**DATASET EXCERPT:**

*****

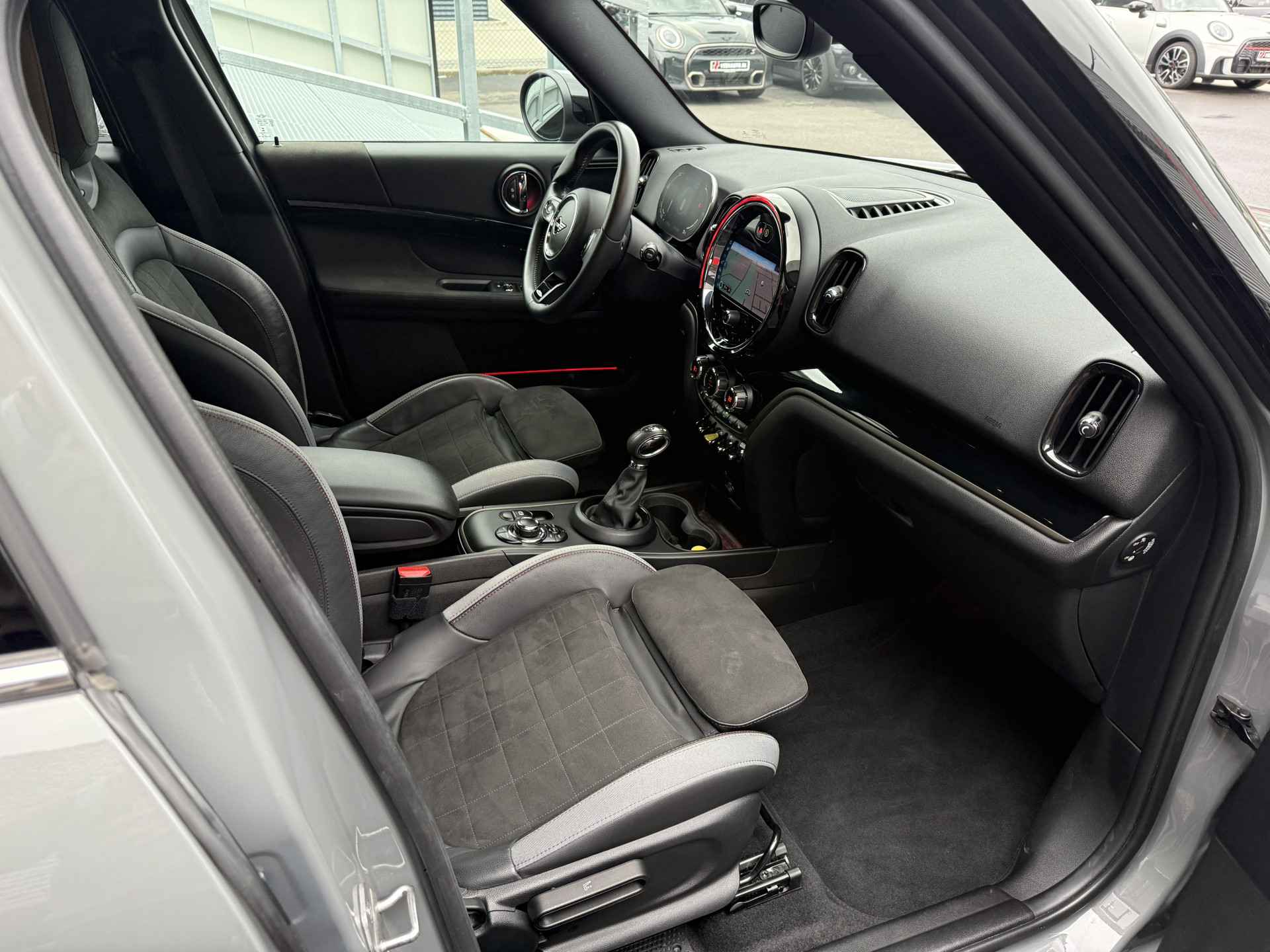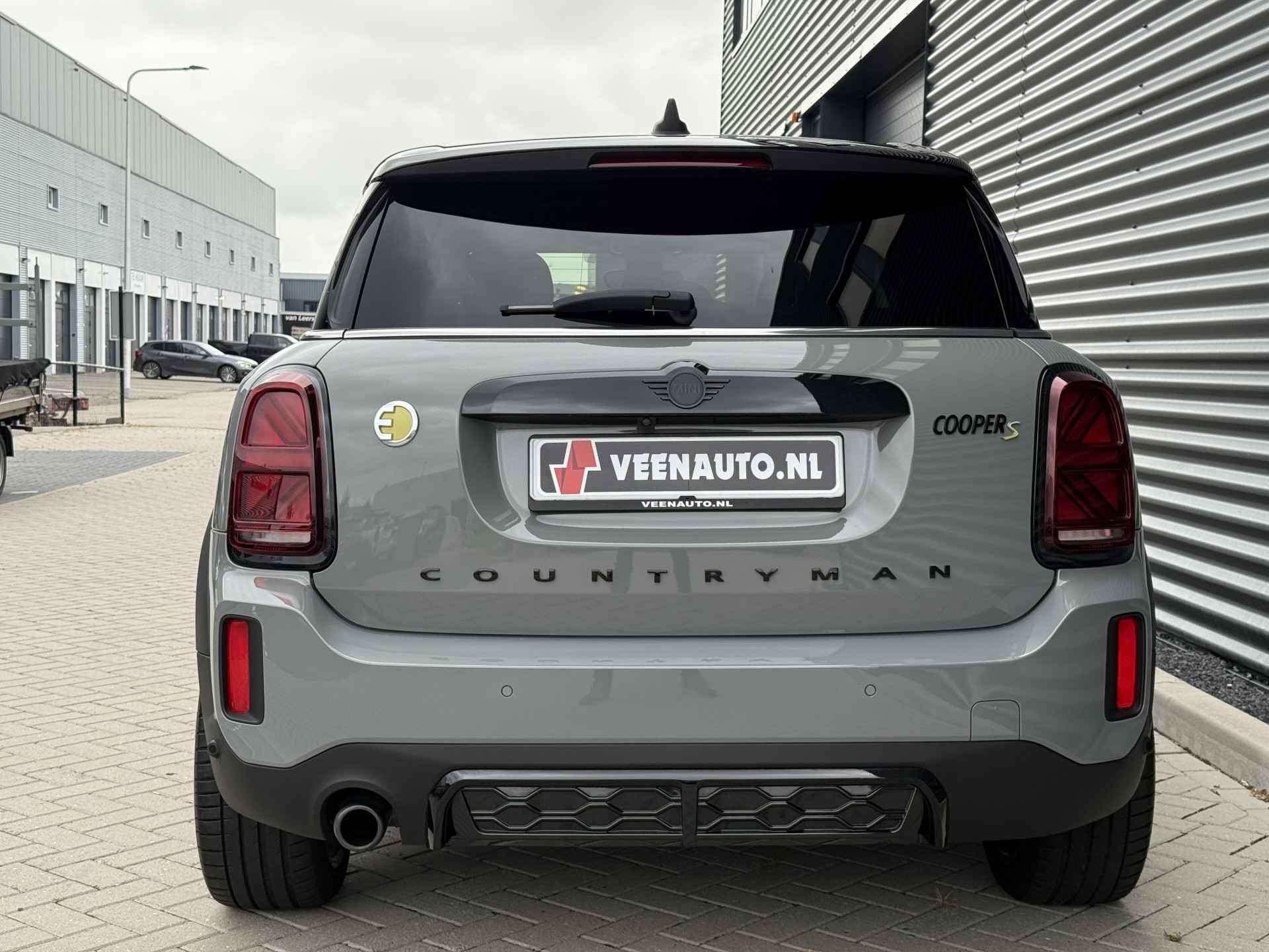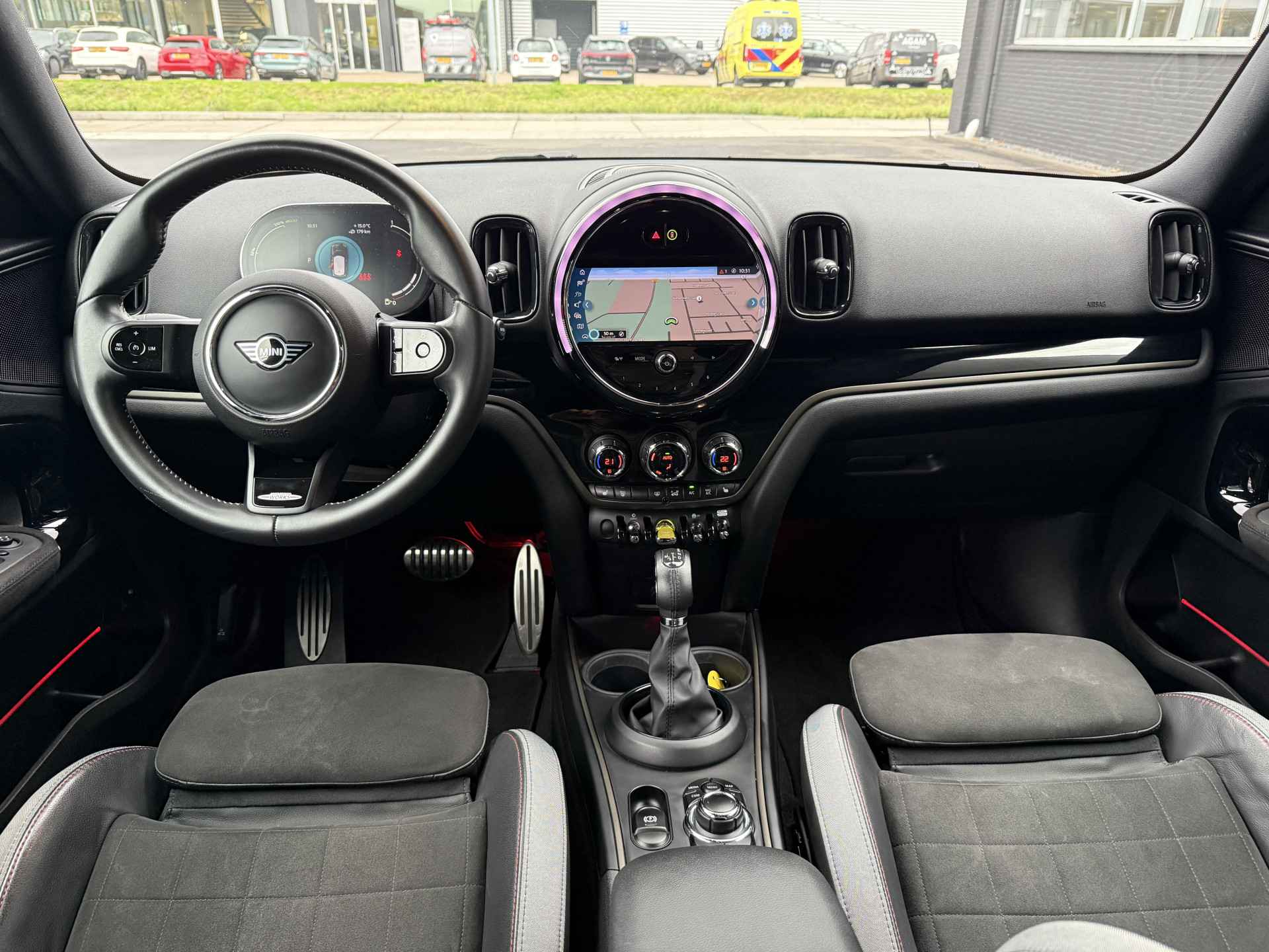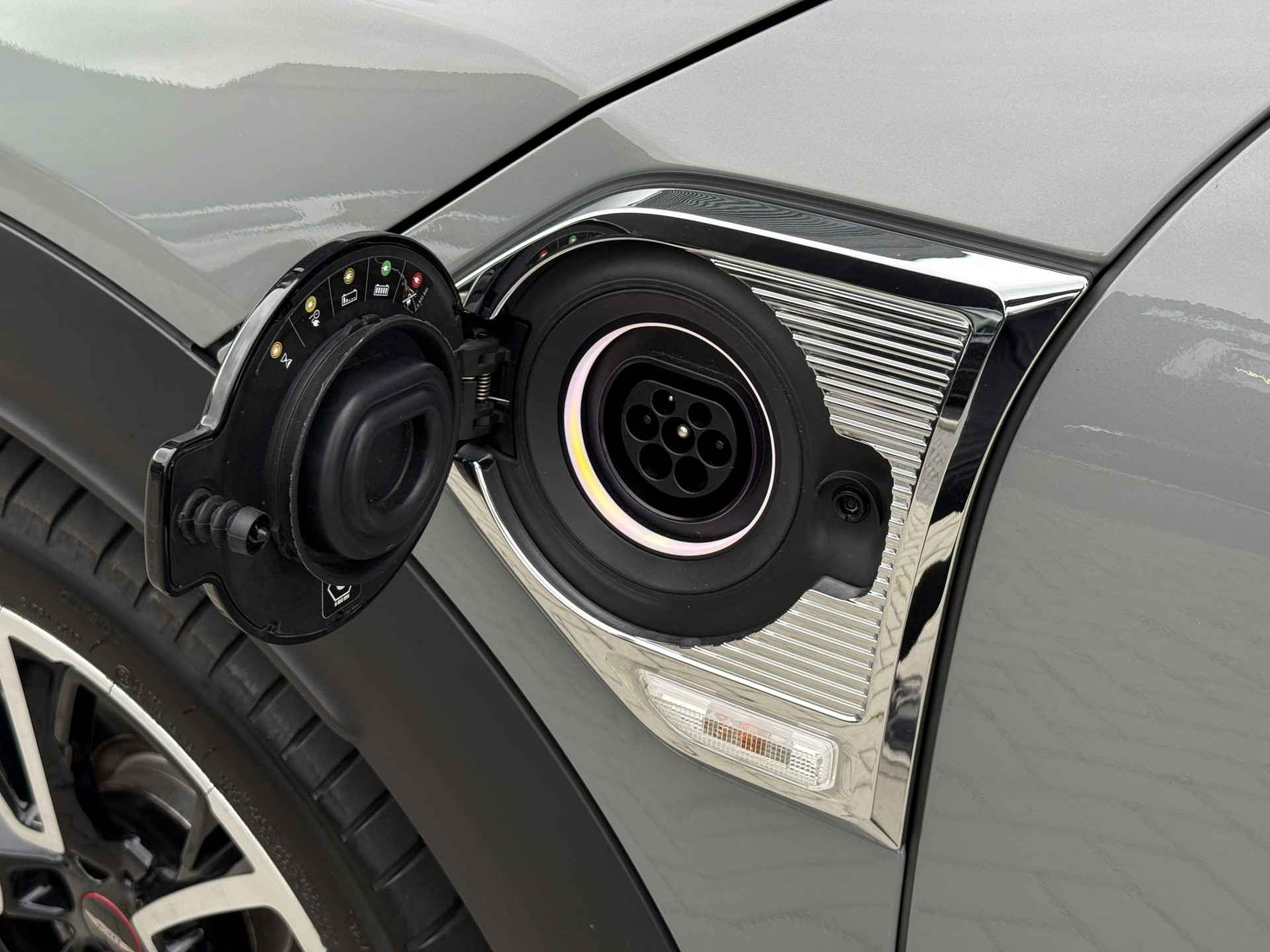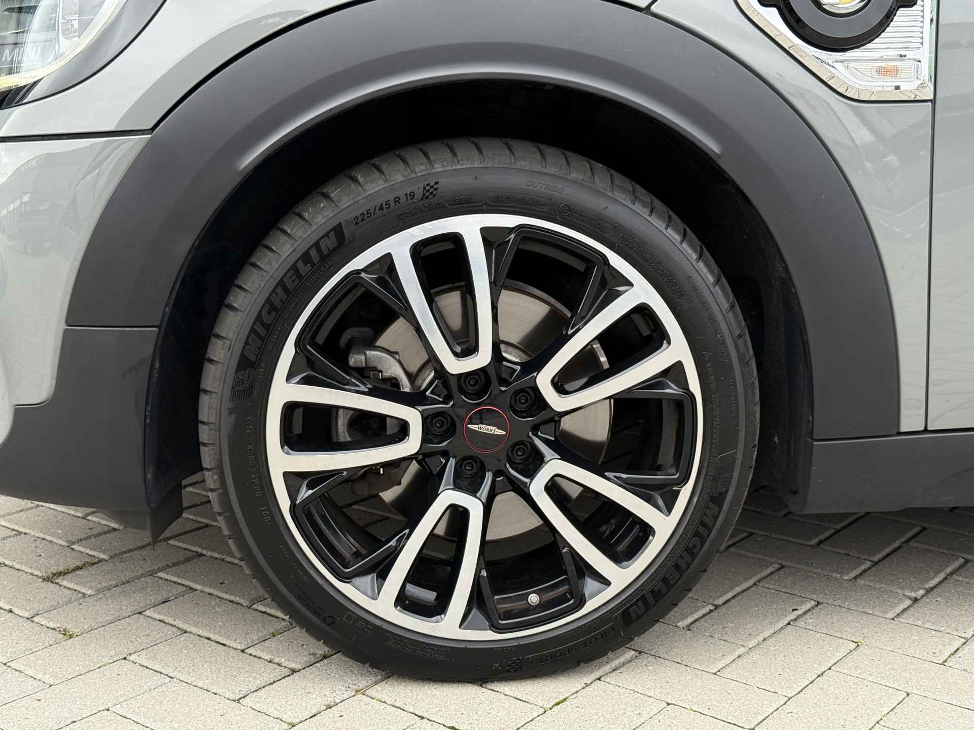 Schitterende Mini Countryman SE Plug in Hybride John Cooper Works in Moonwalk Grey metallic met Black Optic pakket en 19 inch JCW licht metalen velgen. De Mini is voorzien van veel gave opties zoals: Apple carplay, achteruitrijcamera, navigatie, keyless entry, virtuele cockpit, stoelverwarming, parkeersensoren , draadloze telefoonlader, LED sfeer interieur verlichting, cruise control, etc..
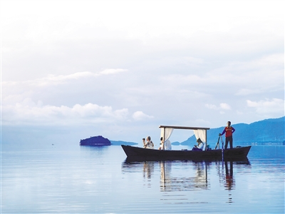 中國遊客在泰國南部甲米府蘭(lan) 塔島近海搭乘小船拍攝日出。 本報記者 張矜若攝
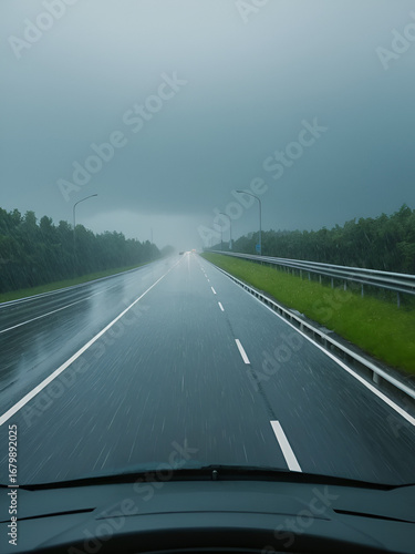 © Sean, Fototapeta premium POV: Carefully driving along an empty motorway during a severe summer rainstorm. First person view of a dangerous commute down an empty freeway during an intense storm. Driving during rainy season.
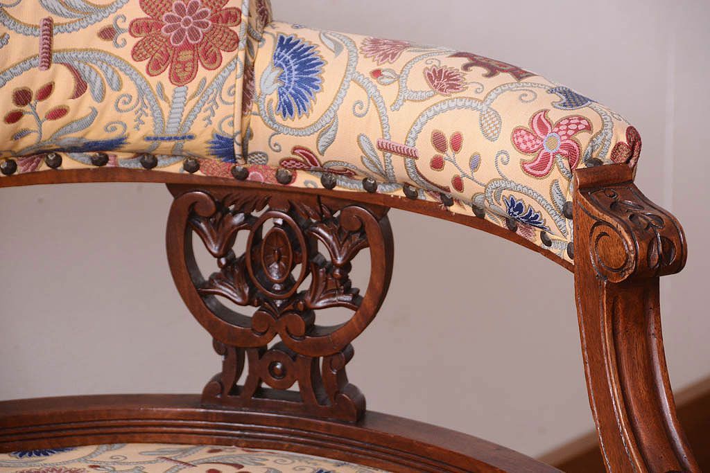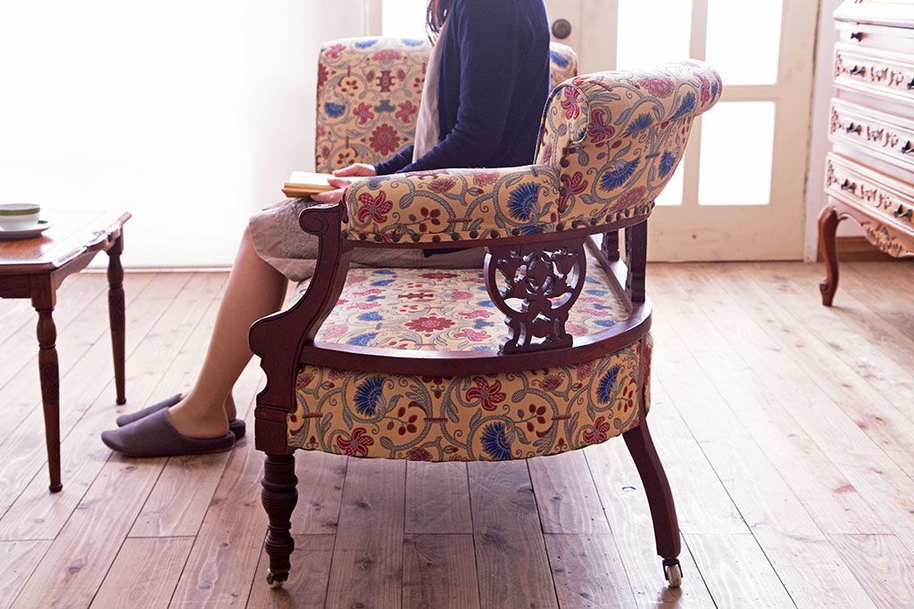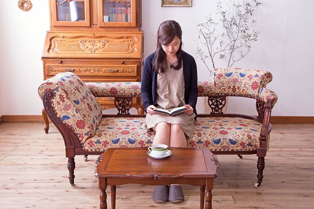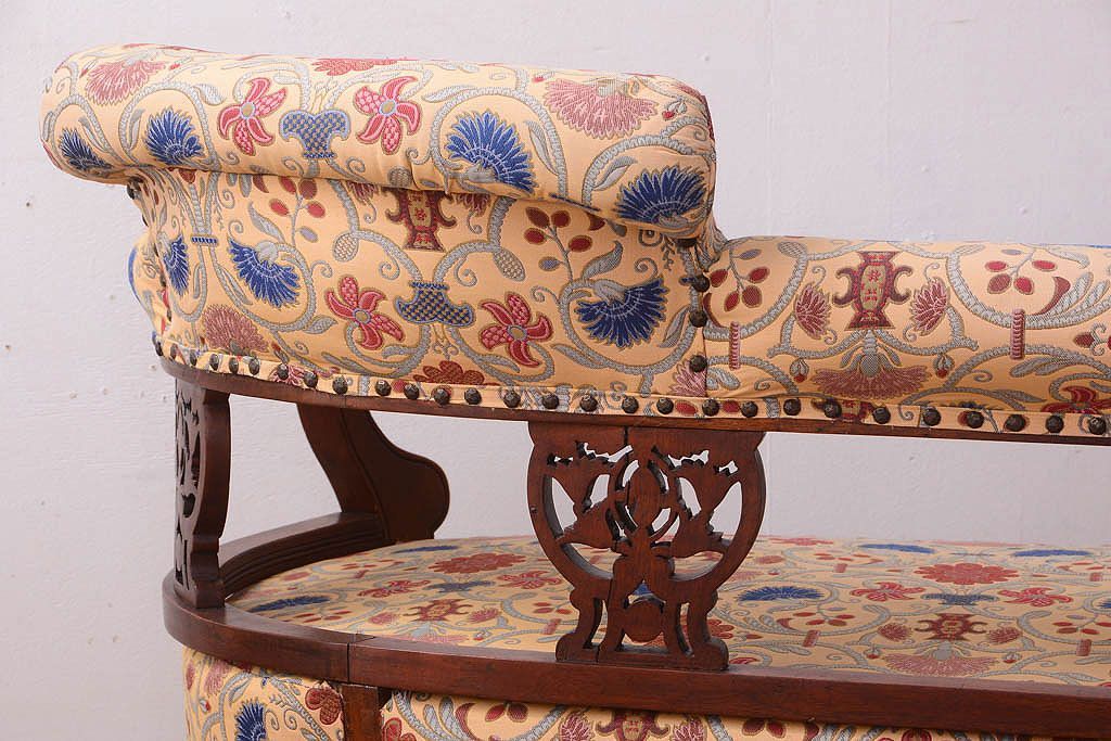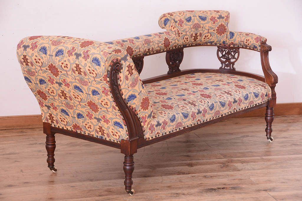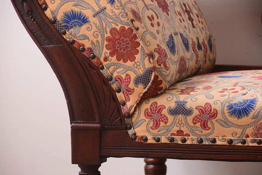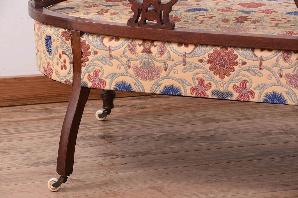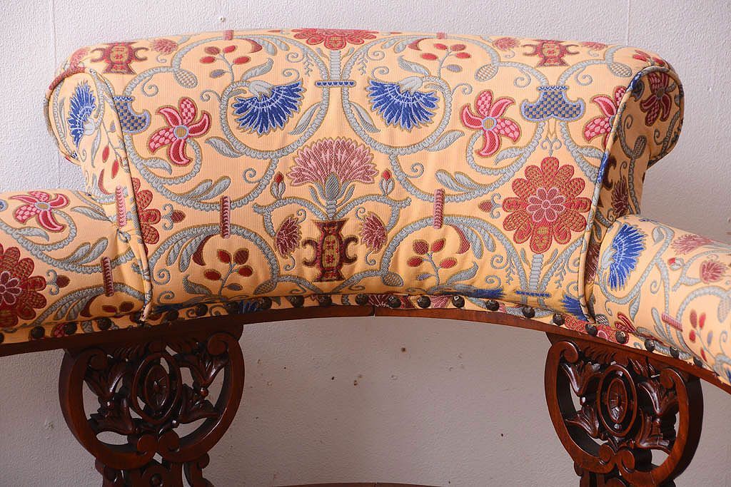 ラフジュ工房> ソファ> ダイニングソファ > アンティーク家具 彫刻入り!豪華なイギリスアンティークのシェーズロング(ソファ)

*****

**INSTRUCTIONS FOR THE TASK:** Please repeat all of the data exactly, excluding images.

**TASK RESULT:**
 Schitterende Mini Countryman SE Plug in Hybride John Cooper Works in Moonwalk Grey metallic met Black Optic pakket en 19 inch JCW licht metalen velgen. De Mini is voorzien van veel gave opties zoals: Apple carplay, achteruitrijcamera, navigatie, keyless entry, virtuele cockpit, stoelverwarming, parkeersensoren , draadloze telefoonlader, LED sfeer interieur verlichting, cruise control, etc..
 中國遊客在泰國南部甲米府蘭(lan) 塔島近海搭乘小船拍攝日出。 本報記者 張矜若攝
 © Sean, Fototapeta premium POV: Carefully driving along an empty motorway during a severe summer rainstorm. First person view of a dangerous commute down an empty freeway during an intense storm. Driving during rainy season.
 ラフジュ工房> ソファ> ダイニングソファ > アンティーク家具 彫刻入り!豪華なイギリスアンティークのシェーズロング(ソファ)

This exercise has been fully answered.